Mija rok od śmierci Stanisława Mikulskiego
Dokładnie rok temu – 27 listopada 2014 – dotarła do nas smutna wiadomość o śmierci jednego z najpopularniejszych polskich aktorów wszech czasów. Stanisław Mikulski, czyli niezapomniany Hans Kloss z kultowej „Stawki większej niż życie”, odszedł we śnie tydzień po tym, jak trafił do szpitala z poważną infekcją. Miał 85 lat...
W ostatniej drodze Stanisławowi Mikulskiemu towarzyszyli najbliżsi oraz tłumy fanów i wiernych widzów. Urna z prochami aktora spoczęła 5 grudnia 2014 roku w mogile na warszawskich Powązkach Wojskowych. Odtwórcę roli Hansa Klosa ze "Stawki większej niż życie" i pana Tomasza z "Samochodzika i templariuszy" wzruszającymi przemowami pożegnali przyjaciele i rodzina.
- Tam na Polach Elizejskich pewnie otworzysz sobie niebieski telewizor i będziesz oglądał swoje niedocenione role. Ale jestem przekonany, że od czasu do czasu wrzucisz też Klossa - powiedział Ignacy Gogolewski, który przemawiał w imieniu Związku Artystów Scen Polskich.
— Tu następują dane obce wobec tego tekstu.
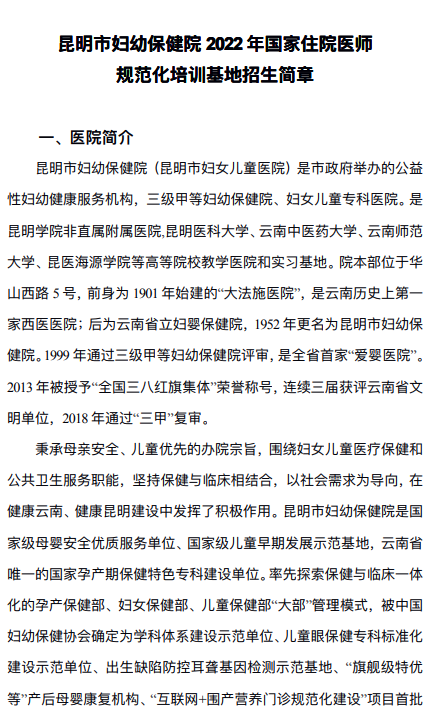 相關(guān)附件:昆明市婦幼保健院2022年住院醫(yī)師規(guī)范化培訓(xùn)招生簡章

- Życie, które obdarowało nas takim człowiekiem jak ty, jest piękne. A świat, w którym było nam dane spotkać właśnie ciebie... taki świat jest po prostu wspaniały - mówiła wnuczka aktora Olga.
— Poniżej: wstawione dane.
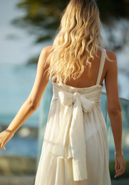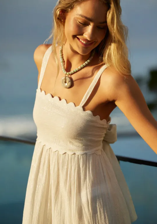Introducing the effortlessly elegant Emery Dress in Ivory by PQ Swim. This beach dress features a feminine ivory hue and a delicate scalloped hem at the neckline. A bow at the back adds a touch of charm, making it the perfect beach dress for any beach getaway.

Stanisław Mikulski urodził się 1 maja 1929 roku. Miał niespełna 21 lat, gdy po raz pierwszy stanął przed kamerą, a 23 lata, kiedy zadebiutował na scenie. Nie lubił wracać pamięcią do młodości, rzadko opowiadał o sobie... Namówiony na spisanie wspomnień, zatytułował je przekornie "Niechętnie o sobie". Nade wszystko cenił sobie spokój.
Kariera Stanisława Mikulskiego, którego kolejne pokolenia kochają za role, jakie stworzył na małym i wielkim ekranie, to dowód na to, że można być niezwykle popularnym bez brylowania na bankietach, pozowania do zdjęć na tzw. ściankach, dostarczania prasie tematów do plotek. Stanisław Mikulski nie lubił blasku fleszy. Bardzo cierpiał, kiedy po sukcesie "Stawki..." rozpoznawali go na ulicy dosłownie wszyscy!
- Bywały takie momenty w moim życiu, że pragnąłem za wszelką cenę zapomnieć o Hansie Klossie. Kończyło się jednak tym, czym zawsze kończy się walka z wiatrakami - świat mi na to nie pozwalał. Nawet w dalekiej Mongolii byłem rozpoznawany na ulicy, a co dopiero podczas spacerów po Warszawie - napisał w swej autobiografii.
Od zgiełku miasta uciekał zawsze na Mazury, gdzie wybudował dom, który nazywał swoją oazą szczęścia i leniuchowania. Majsterkował, łowił ryby, gotował.
Za swoje role dostał m.in. Krzyż Oficerski Orderu Odrodzenia Polski, Nagrodę Ministra Kultury i Sztuki I stopnia, kilka "Srebrnych Masek" i "Złotych Masek", a nawet Order "Przyjaźni Narodów" przyznany przez Prezydium Rady Najwyższej ZSRR. Nagrody i wyróżnienia nie były jednak dla niego najważniejsze.
- Sympatia widzów jest nagrodą, jakiej nie zastąpią żadne ordery i statuetki - mówił.
W dniu pogrzebu Stanisława Mikulskiego Sejm Rzeczpospolitej Polskiej uczcił jego pamięć minutą ciszy.